Additionally, outcome measurements were conducted in a supine position, which may not fully capture SUI symptoms that typically occur in upright or dynamic activities. This methodological aspect might have underestimated the true functional improvements achieved through the interventions.

As this was a pilot study, the findings provide valuable preliminary data but warrant further investigation through larger-scale trials with longer follow-up periods to enhance the robustness and generalizability of the results.

5. Conclusions

This pilot study demonstrates the potential of Peflex weights as a promising, non-surgical tool for pelvic floor muscle training in women with SUI. Training with Peflex weights significantly improved pelvic floor muscle power, endurance, and the repetition of muscle contractions compared to standard pelvic floor muscle training without weights. The Peflex group also demonstrated higher treatment satisfaction and a significant improvement in the proportional contraction of the levator hiatus, reflecting enhanced muscle responsiveness.

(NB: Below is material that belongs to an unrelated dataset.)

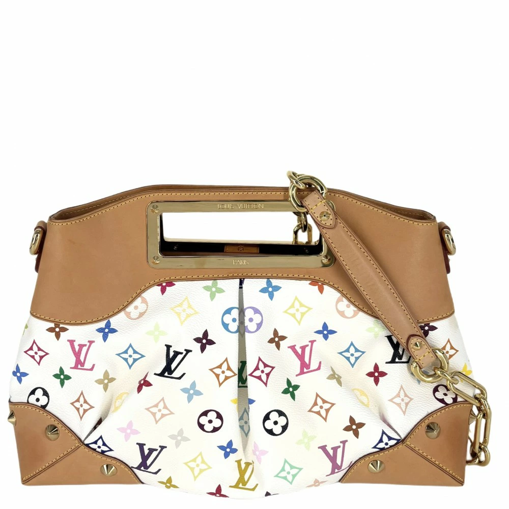Pre-owned Louis Vuitton Judy MM 2-Way Semi-Shoulder Handbag in White (M40255) with Monogram Multicolore and Gold Hardware.

While both groups experienced reductions in SUI symptoms, no significant difference was observed between the groups in the primary outcome measure, the ICIQ-UI-SF. This suggests that the short duration of the study or the variability in SUI etiology might have limited the ability to detect broader benefits.

The Peflex weights proved to be safe, with no reported adverse effects, making them a feasible option for pelvic floor rehabilitation. However, adherence to the Peflex training program is crucial, and future studies should explore strategies to improve user compliance and determine optimal patient selection criteria.

Further research with a larger sample size and a longer follow-up period is necessary to confirm the observed benefits and clarify the mechanical and physiological effects of Peflex weights.